Given these simulated CO2 concentrations, the optimized weights, \(\textbf{w}^*\), for the FNO surrogate are calculated by minimizing Eq. 2 for \(N=1900\) training pairs, \(\{\textbf{K}^{(j)},\, \textbf{c}^{(j)}\}_{j=1}^N\). Another 100 training pairs are used for validation. After training with 350 epochs, an average of 7% prediction error is achieved for permeability samples from the unseen test set. As observed from Fig. 7, the approximation errors of the FNO are mostly concentrated at the leading edge of the CO2 plumes. The same permeability models are used to train the NF by minimizing Eq. 4 for 245 epochs using the open-source software package InvertibleNetworks.jl [95]. We use the HINT network structure [41] for the NF. Three generative samples are shown in the second row of Fig. 1. From these examples, we can see that the trained NF is capable of generating random permeability models that resemble the ones in the training samples closely, despite minor noisy artifacts.

Fig. 7
figure 7

Five CO2 saturation snapshots after 400, 500, 600, 700, and 800 days. First row shows the CO2 saturation simulated by the PDE. Second row shows the CO2 saturation predicted by the trained FNO. Third row shows the \(5\times \) difference between the first row and the second row

Unconstrained/constrained permeability inversion from CO2 saturation data

To demonstrate that permeability inversion with surrogates is indeed feasible, we first consider the idealized, impossible in practice, situation where we assume to have access to the time-lapse CO2 concentration, \(\textbf{c}=[\textbf{c}_1, \textbf{c}_2, \cdots ,\textbf{c}_{n_t}]\), everywhere, and for all \(n_t=8\) timesteps. In that case, the measurement operator, \(\mathcal {H}\) in Eq. 1, corresponds to the identity matrix.

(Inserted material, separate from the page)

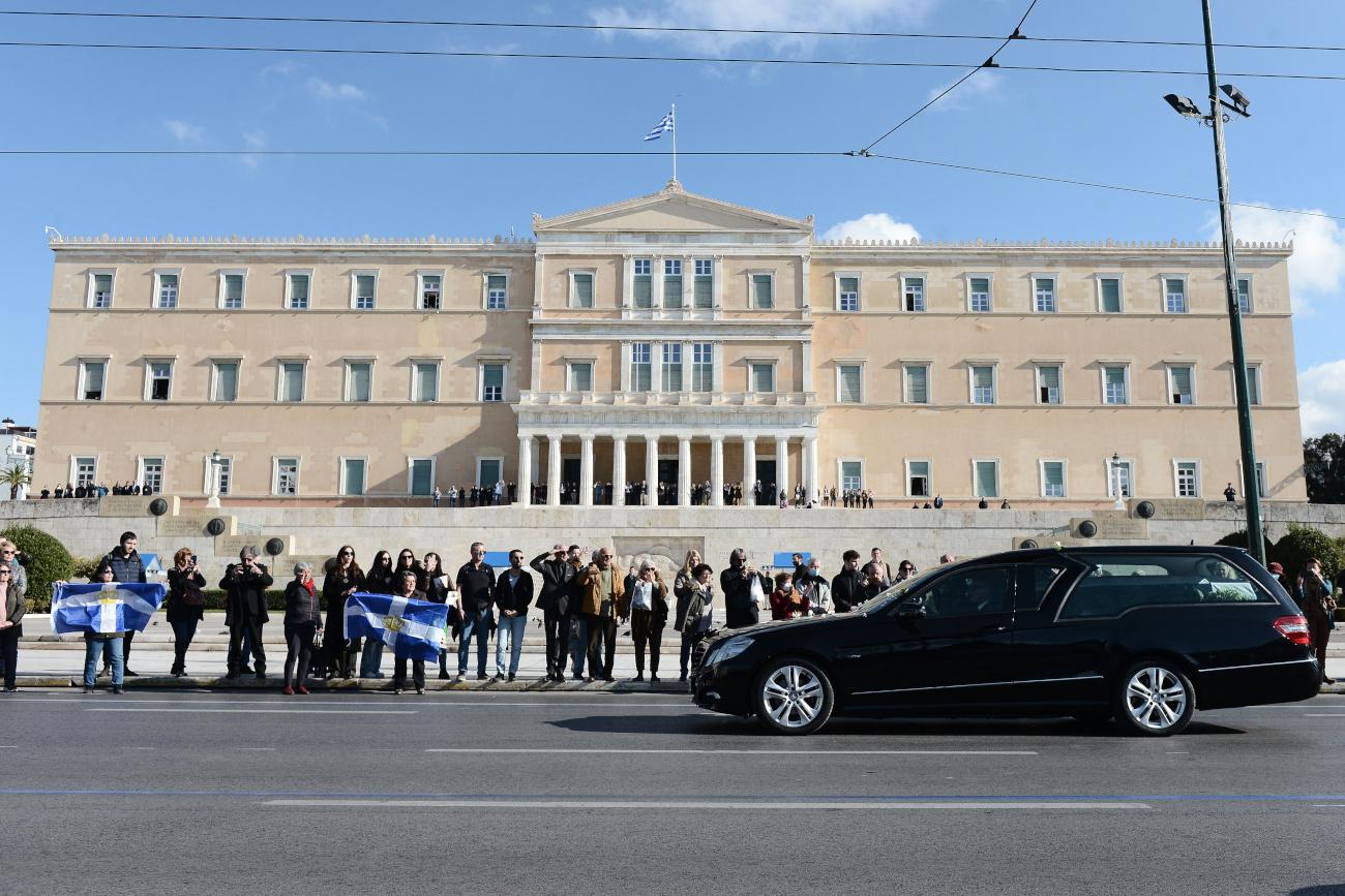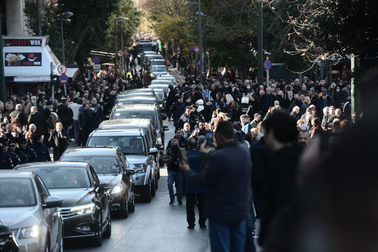 Με την ολοκλήρωση της εξοδίου και την ανάγνωση των επικήδειων, ξεκίνησε η πομπή προς το Τατόι.
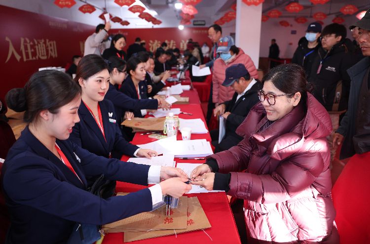 村民在办理收房入住手续。近年来,大兴区安定镇通过宅基地异地置换安置方式,推进安定镇垃圾填埋场周边7个村庄的异地迁建,居民的居住环境得到了改善。

Given CO2 concentrations simulated from the “ground-truth” permeability distribution plotted in Fig. 6a, we invert for the permeability by minimizing the unconstrained formulation (cf. Eq. 3) for the correct, yielded by the PDE, and approximate fluid-flow physics, yielded by the trained FNO. The results of these inversions after 100 iterations of gradient descent with back-tracking linesearch [87] are plotted in Fig. 8a and b. From these plots, we observe that the inversion results using PDE solvers delineates most of the upper boundary of the channel accurately. Because there is a null space in the fluid-flow modeling—i.e., this null space mostly corresponds to regions of the permeability model that are barely touched by the CO2 plume (e.g. bottom and right-hand side of the channel)—artifacts are present in the high-permeability channel itself. As expected, the reconstruction of the permeability is also not perfect at the bottom and at the far right of the model. The inversion result with the FNO surrogate is similar but introduces unrealistic artifacts in the high-permeability channel and also outside the channel. These more severe artifacts can be explained by the behavior of the FNO approximation error plotted as the orange curve in Fig. 8e. The error value increases rapidly to 13%, and finally saturates at 10%. This behavior of the error is a manifestation of out-of-distribution model iterates that explain the erroneous behavior of the surrogate and its gradient with respect to the permeability.

Fig. 8
figure 8

Permeability inversion from fully observed time-lapse CO2 saturations. a Inversion result with PDE solvers. b The same but via the approximate FNO surrogate. c Same as a but with NF constraint. d Same as b but with NF constraint. e The FNO approximation errors as a function of the number of iterations for the result plotted in b and d

Inversions yielded by the relaxed constrained formulation with the trained NF (see Algorithm 1), on the other hand, show virtually artifact free inversion results (see Fig. 8c and d) that compare favorably with the “ground-truth” permeability plotted in Fig. 6. While adding the NF as a constraint obviously adds information, explaining the improved inversion for the accurate physics (Fig. 8c), it also renders the approximate surrogates more accurate, as can be observed from the blue curve in Fig. 8e, where the FNO approximation error is controlled thanks to adding the constraint to the inversion. This behavior underlines the importance of ensuring model iterates to remain within distribution. It also demonstrates the benefits of a solution strategy where we start with a small \(\tau \), followed by relaxing the constraint slowly by increasing the size of the constraint set gradually.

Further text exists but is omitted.